In April 2020, as a result of the operation, Chaves Agrícola e Pastoril was included in the ‘dirty list’ of slave labour, an official register of the Ministry of Economy that exposes employers caught using slave-like labour. Before entering the list, employers defend themselves in two administrative jurisdictions at the Ministry’s Special Social Security and Labour Secretariat.

This was not the first time that the company faced charges of labour irregularities. In 2016, the Prosecution Service obtained a court order freezing the Chaves Group’s bank accounts after 120 workers were found in degrading housing conditions on the company’s farms. Representatives of the group were contacted by phone and e-mail but did not respond.

Payment below the minimum wage

In December 2018, another inspection in southern Bahia found labour violations that once again involved the major players in the cocoa industry. Federal labour inspectors and prosecutors found workers living on the Boa União and Sete Voltas farms without bathrooms or treated water. They said they earned less than half the minimum wage.

(Photo: Sidney Oliveira/Agência Pará)

According to the prosecutors, the cocoa harvested at the two properties used to be traded with the same middleman. In a statement to the agency, he said he sold the product to Barry Callebaut, Cargill and Olam.

Repórter Brasil was unable to locate the owners of the Boa União and Sete Voltas farms. Cargill said that it stopped purchasing cocoa from the middleman in question in 2019. The multinational informed that it intends to increase direct purchases from farms, which today account for only 20 percent of the volume purchased. “In the past two years, Cargill opened four more warehouses across Brazil to expand direct purchases,” says the company (see full answer).

Barry Callebaut declined to comment on the case, claiming that it does not disclose information about its suppliers. Olam did not respond either.


As in the case of the Diana Farm, the workers of these two properties were also under so-called ‘partnership contracts.’ These are legal arrangements in which the farm owner provides a plot of land to the farm worker – called a ‘partner’ – to manage cocoa trees throughout the year. Workers are not entitled to salaries, but at the end of the harvest they keep a share of the cocoa harvested under their care – usually 50 percent or less.

However, according to the law, farm owners must guarantee minimum housing and infrastructure conditions to their ‘partners,’ in addition to autonomy to sell their cocoa. But that is often not what happens. In some cases, owners impose cocoa buyers on farmers. With little margin for negotiation, profits from the arrangement do not provide decent and proper livelihood.
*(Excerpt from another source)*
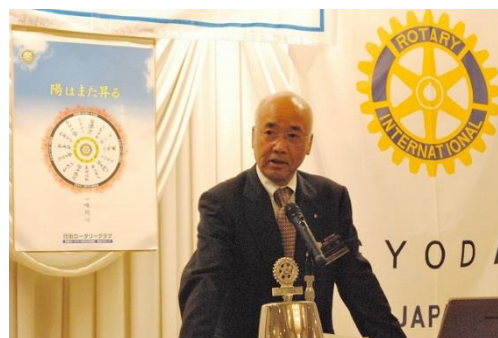
小沢会長エレクト挨拶

いよいよ、伝統ある行田ロータリークラブの会長という事で大変プレッシャーを感じています。出来たら誰か代わってくれたらいいのにと今でも思っています。

Virtually all cocoa in Bahia is produced under these contracts, leading to labour violations, explains Labour Prosecutor Ilan Fonseca de Souza. “Partnerships hide employment relationships. Farm owners gets their production without having to hire anyone,” he says. That is why inspectors say that many of those contracts are frauds, i.e. designed to mask a relationship that is actually one of employer and employee.

To stop violations in cocoa plantations, Souza advocates that the industry’s giants should be held accountable, since the acquisition of the product supplies an extremely concentrated market. This possibility, however, comes up against the difficulty to trace the origin of the cocoa beans. Through informal contracts, middlemen gather bags from several farms in order to resell the product to processing companies in larger volumes.

Of the three multinationals that negotiated with the middlemen involved in labour violations, only Barry Callebaut commented on the difficulties of tracking the origin of cocoa. The company promises to certify its middleman, but the system is not ready and no date has been set for operations to start.